[[ INPUT DATA, beginning ]]
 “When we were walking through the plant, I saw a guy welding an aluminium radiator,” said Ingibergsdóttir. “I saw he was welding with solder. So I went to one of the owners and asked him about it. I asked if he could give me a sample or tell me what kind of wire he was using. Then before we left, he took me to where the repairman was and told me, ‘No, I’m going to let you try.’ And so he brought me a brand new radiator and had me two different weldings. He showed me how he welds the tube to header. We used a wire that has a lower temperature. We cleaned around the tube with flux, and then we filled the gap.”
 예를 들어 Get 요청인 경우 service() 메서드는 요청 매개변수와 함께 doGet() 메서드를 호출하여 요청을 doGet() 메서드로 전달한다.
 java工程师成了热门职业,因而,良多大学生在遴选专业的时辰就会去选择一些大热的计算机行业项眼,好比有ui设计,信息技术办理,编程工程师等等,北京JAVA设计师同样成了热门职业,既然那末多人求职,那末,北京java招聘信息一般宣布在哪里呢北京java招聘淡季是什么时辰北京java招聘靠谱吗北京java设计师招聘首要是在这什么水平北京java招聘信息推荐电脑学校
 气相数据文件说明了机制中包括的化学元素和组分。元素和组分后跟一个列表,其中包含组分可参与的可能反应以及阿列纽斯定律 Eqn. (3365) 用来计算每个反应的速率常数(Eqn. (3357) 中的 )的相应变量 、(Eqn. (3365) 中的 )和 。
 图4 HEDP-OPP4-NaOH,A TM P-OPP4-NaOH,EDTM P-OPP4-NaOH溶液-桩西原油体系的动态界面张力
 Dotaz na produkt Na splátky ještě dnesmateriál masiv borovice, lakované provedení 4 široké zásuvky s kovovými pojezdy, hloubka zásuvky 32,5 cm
[[ INPUT DATA, end ]]
[[ INPUT DATA, beginning ]]
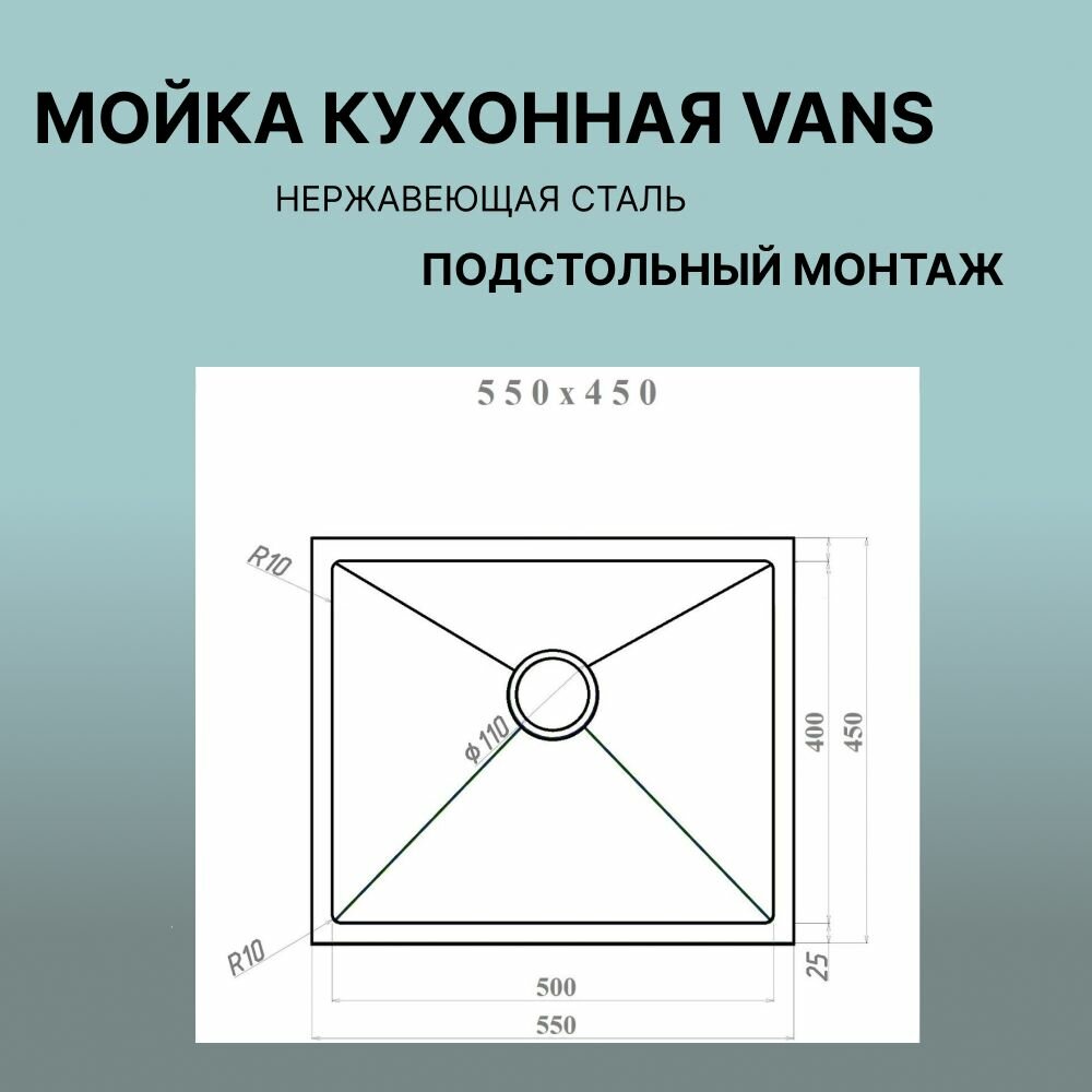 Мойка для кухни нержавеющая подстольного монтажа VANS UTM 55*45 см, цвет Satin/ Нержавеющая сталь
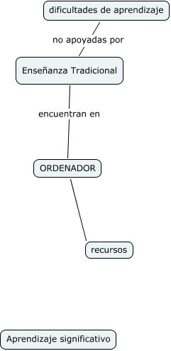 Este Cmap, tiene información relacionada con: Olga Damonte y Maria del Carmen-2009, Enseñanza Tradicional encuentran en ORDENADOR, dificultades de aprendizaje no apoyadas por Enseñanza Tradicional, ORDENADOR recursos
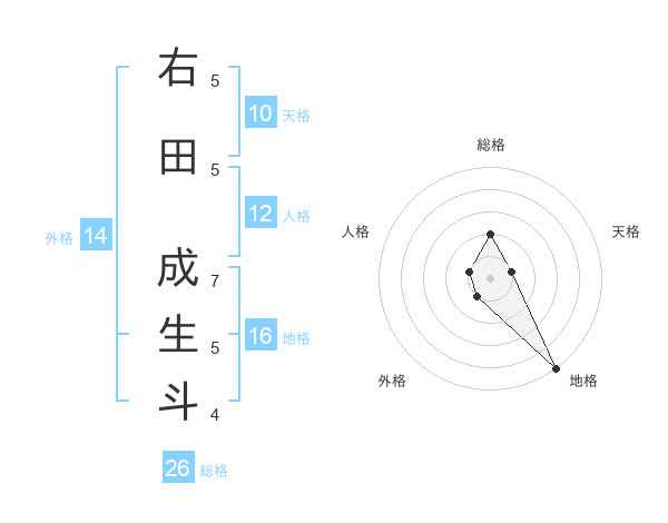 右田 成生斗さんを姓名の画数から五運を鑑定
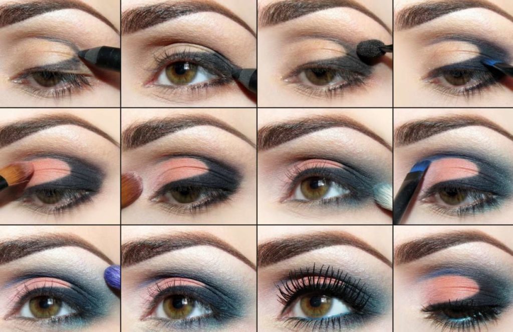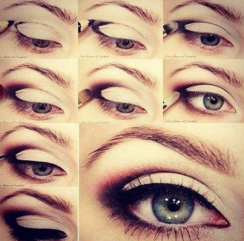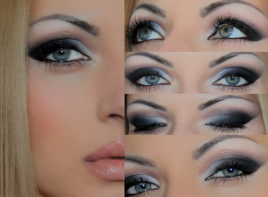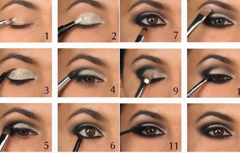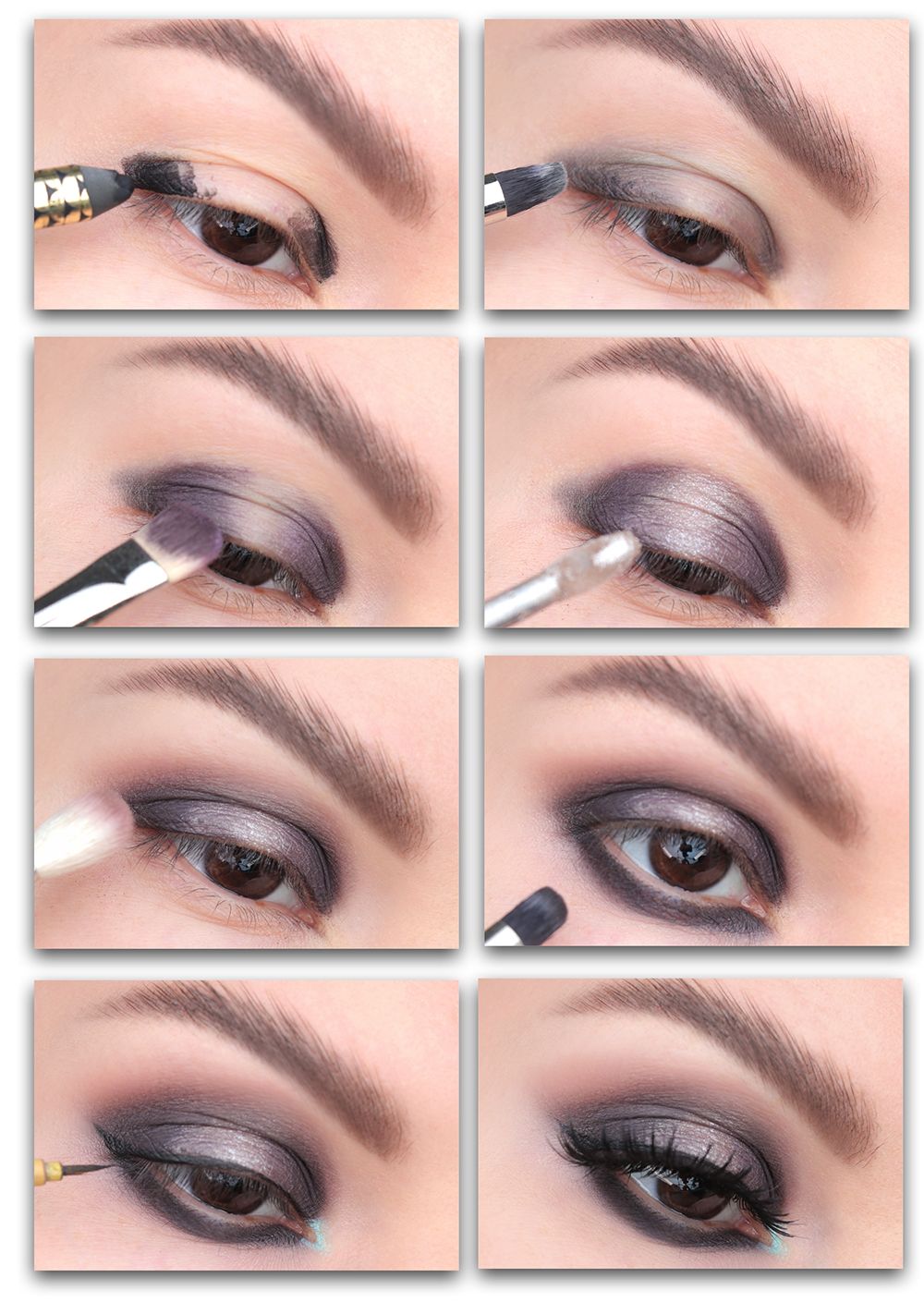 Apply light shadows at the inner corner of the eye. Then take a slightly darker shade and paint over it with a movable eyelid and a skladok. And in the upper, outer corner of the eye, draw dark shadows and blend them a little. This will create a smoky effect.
[[ INPUT DATA, end ]]
WHAT TO WORK ON: Retype exactly the lines of the data above that fall between the line with "we were walking" and the line with "예를 들어 Get 요청인", inclusive, and add nothing.

ANSWER TO THIS EXERCISE:
 “When we were walking through the plant, I saw a guy welding an aluminium radiator,” said Ingibergsdóttir. “I saw he was welding with solder. So I went to one of the owners and asked him about it. I asked if he could give me a sample or tell me what kind of wire he was using. Then before we left, he took me to where the repairman was and told me, ‘No, I’m going to let you try.’ And so he brought me a brand new radiator and had me two different weldings. He showed me how he welds the tube to header. We used a wire that has a lower temperature. We cleaned around the tube with flux, and then we filled the gap.”
 예를 들어 Get 요청인 경우 service() 메서드는 요청 매개변수와 함께 doGet() 메서드를 호출하여 요청을 doGet() 메서드로 전달한다.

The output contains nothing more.